Copy nothing but the lines from the one containing "当一家三口坐下后,孙海洋握住" through the last line of the records, repeated exactly and without pictures.

________________

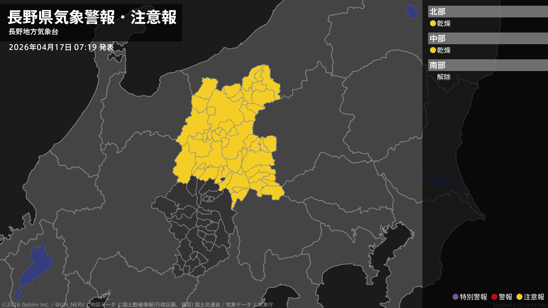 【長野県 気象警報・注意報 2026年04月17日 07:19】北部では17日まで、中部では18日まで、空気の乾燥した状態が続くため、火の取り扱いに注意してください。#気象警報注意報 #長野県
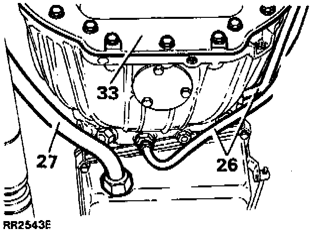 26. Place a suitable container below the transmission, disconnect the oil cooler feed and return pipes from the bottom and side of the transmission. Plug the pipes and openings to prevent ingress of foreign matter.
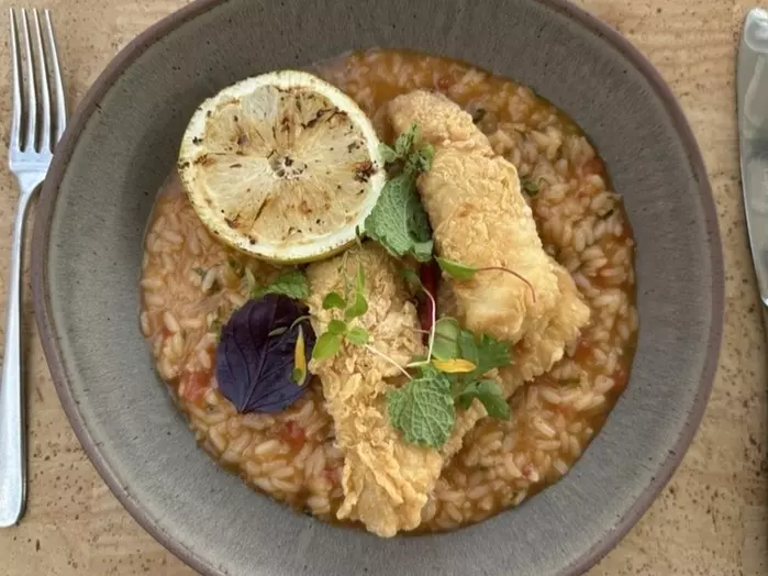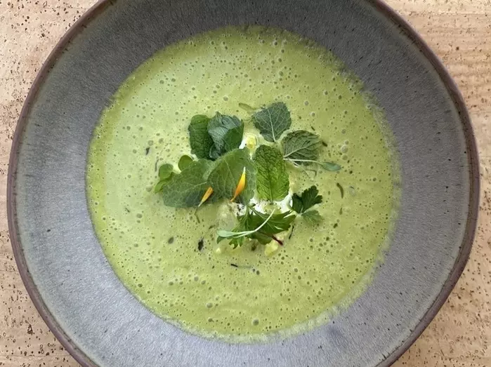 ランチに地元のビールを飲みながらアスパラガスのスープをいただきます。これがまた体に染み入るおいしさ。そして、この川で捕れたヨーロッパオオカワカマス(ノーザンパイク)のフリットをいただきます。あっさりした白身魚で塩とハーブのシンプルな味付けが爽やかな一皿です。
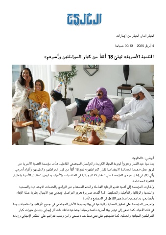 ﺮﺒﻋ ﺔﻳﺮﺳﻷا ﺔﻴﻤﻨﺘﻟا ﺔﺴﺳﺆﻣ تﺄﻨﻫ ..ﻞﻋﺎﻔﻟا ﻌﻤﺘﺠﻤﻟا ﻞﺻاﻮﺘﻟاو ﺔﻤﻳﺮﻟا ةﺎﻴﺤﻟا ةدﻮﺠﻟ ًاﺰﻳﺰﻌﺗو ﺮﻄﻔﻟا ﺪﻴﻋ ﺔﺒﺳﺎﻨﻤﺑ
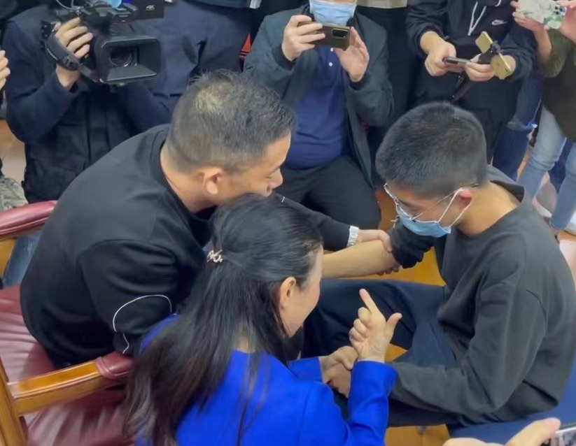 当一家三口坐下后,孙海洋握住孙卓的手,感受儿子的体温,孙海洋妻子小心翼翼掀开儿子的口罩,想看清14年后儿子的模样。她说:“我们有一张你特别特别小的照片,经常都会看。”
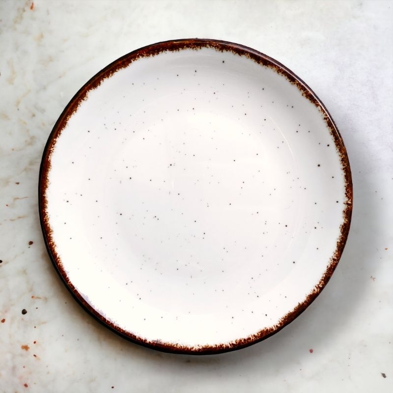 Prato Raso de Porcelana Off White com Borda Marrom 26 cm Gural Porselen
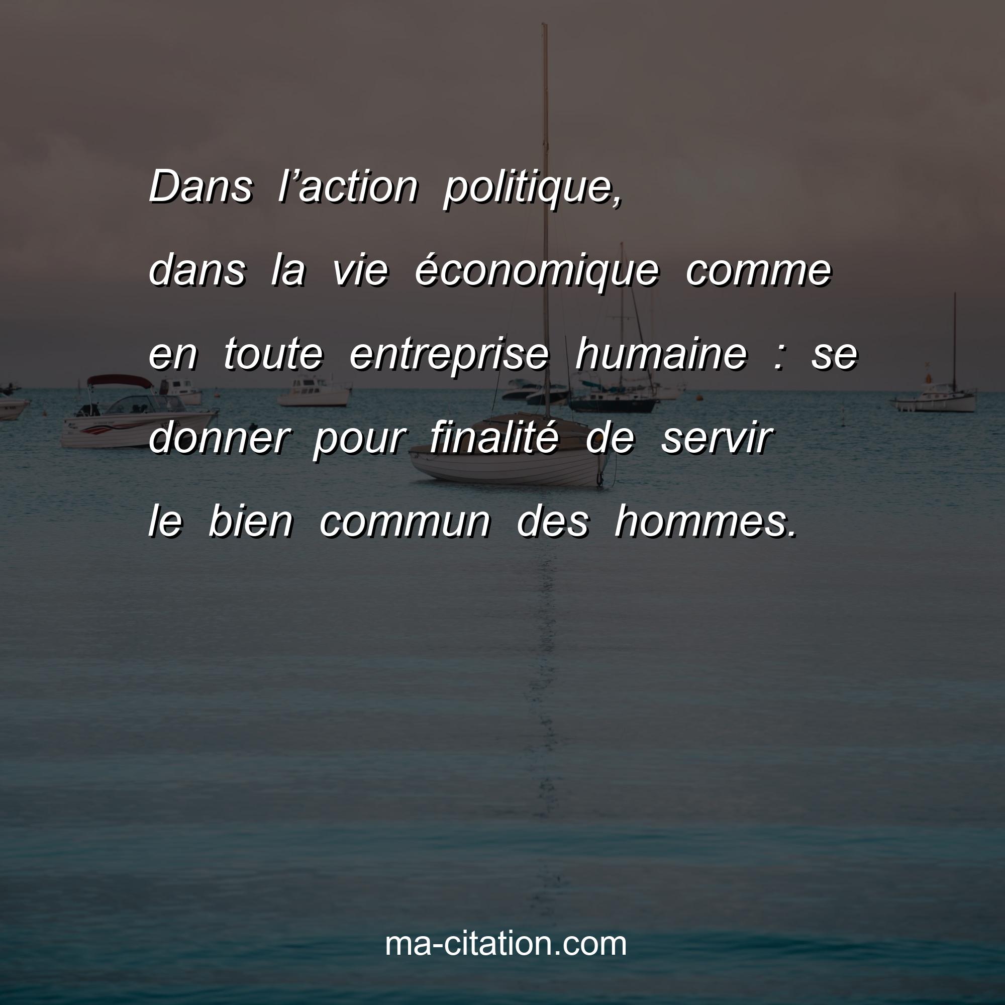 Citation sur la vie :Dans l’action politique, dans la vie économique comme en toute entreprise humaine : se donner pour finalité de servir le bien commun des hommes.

________________

Answer box:
 当一家三口坐下后,孙海洋握住孙卓的手,感受儿子的体温,孙海洋妻子小心翼翼掀开儿子的口罩,想看清14年后儿子的模样。她说:“我们有一张你特别特别小的照片,经常都会看。”
 Prato Raso de Porcelana Off White com Borda Marrom 26 cm Gural Porselen
 Citation sur la vie :Dans l’action politique, dans la vie économique comme en toute entreprise humaine : se donner pour finalité de servir le bien commun des hommes.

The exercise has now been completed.